▶ _What is needed_: Take the listing below and output it exactly, with no images.

▶ _Exercise data_:
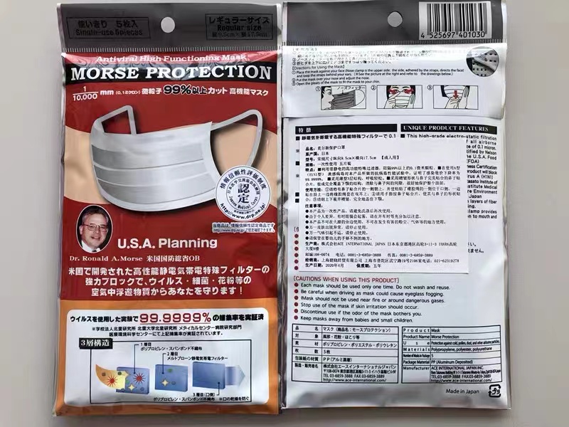 成人款與兒童款莫爾斯保護(hù)口罩(日本ACE株式會(huì)社)
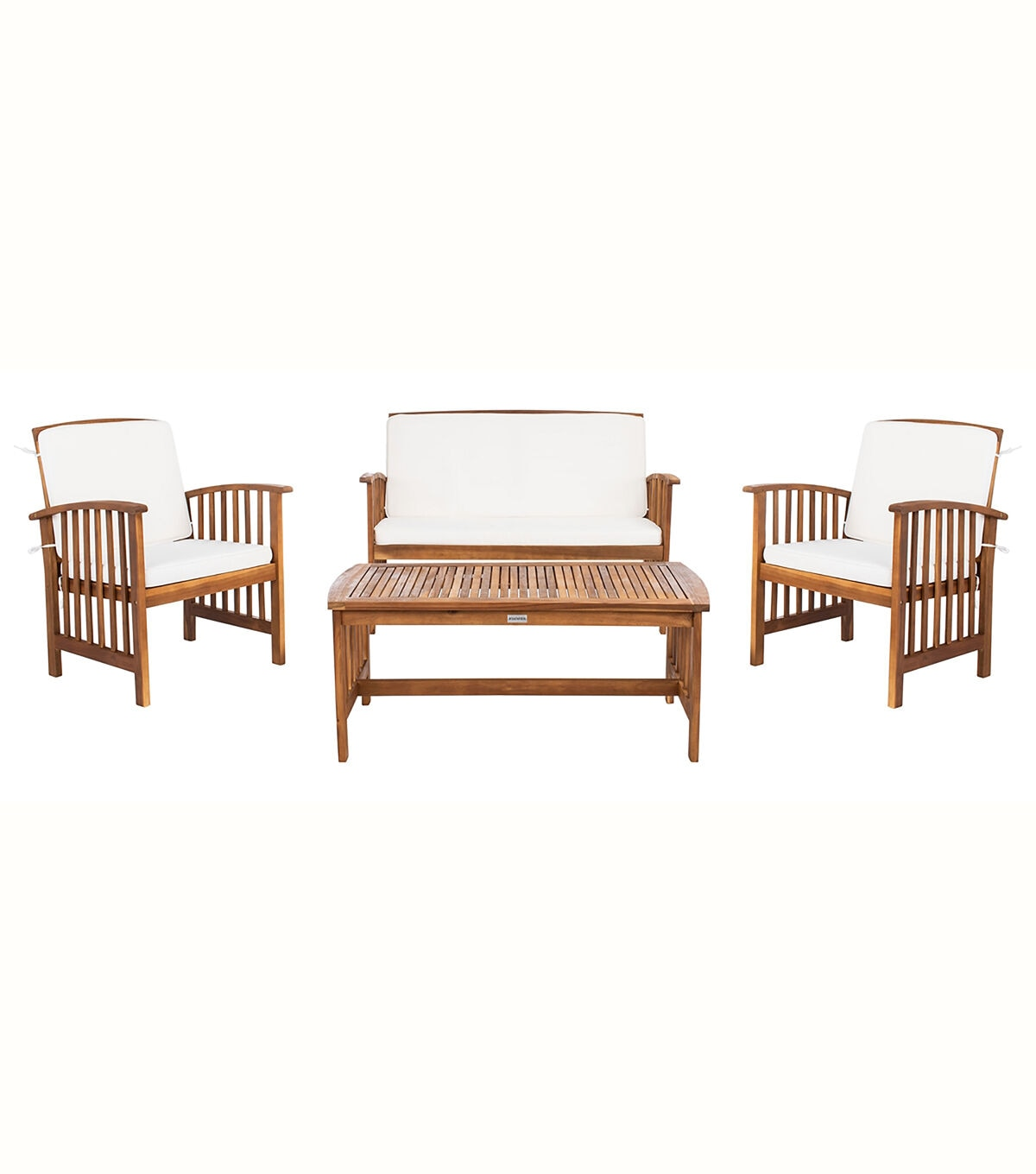 The open and airy design of the Rocklin 4 piece outdoor set combines form and function. The slatted silhouette aids rain drainage while creating chic contemporary forms. The set is crafted of acacia in a brown finish with beige all weather cushions.
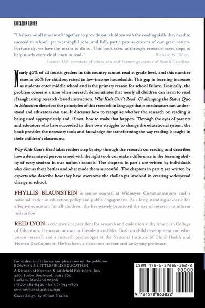 This book takes the reader step-by-step through an understanding of the research on reading and ways in which parents and educators can make a difference in the learning ability of every student in our nation's schools.
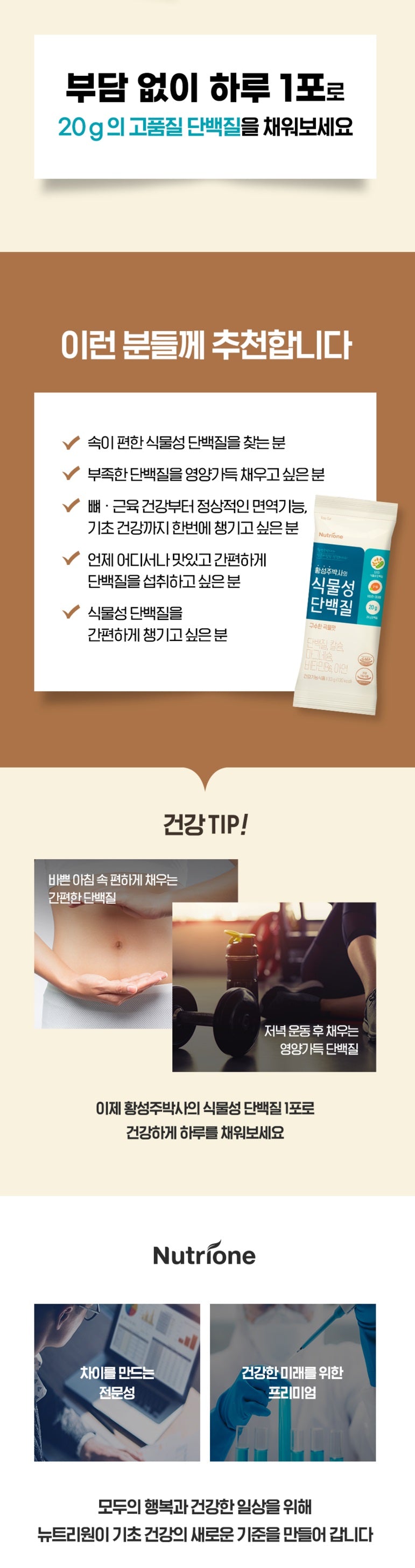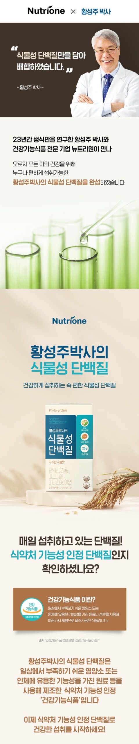 Dr. Seongju Hwang’s vegetable protein is a functional food approved by the Ministry of Food and Drug Safety, manufactured using nutrients that are easily lacking in daily life or raw materials with useful functionality for the human body.

▶ _Written reply_:
 成人款與兒童款莫爾斯保護(hù)口罩(日本ACE株式會(huì)社)
 The open and airy design of the Rocklin 4 piece outdoor set combines form and function. The slatted silhouette aids rain drainage while creating chic contemporary forms. The set is crafted of acacia in a brown finish with beige all weather cushions.
 This book takes the reader step-by-step through an understanding of the research on reading and ways in which parents and educators can make a difference in the learning ability of every student in our nation's schools.
 Dr. Seongju Hwang’s vegetable protein is a functional food approved by the Ministry of Food and Drug Safety, manufactured using nutrients that are easily lacking in daily life or raw materials with useful functionality for the human body.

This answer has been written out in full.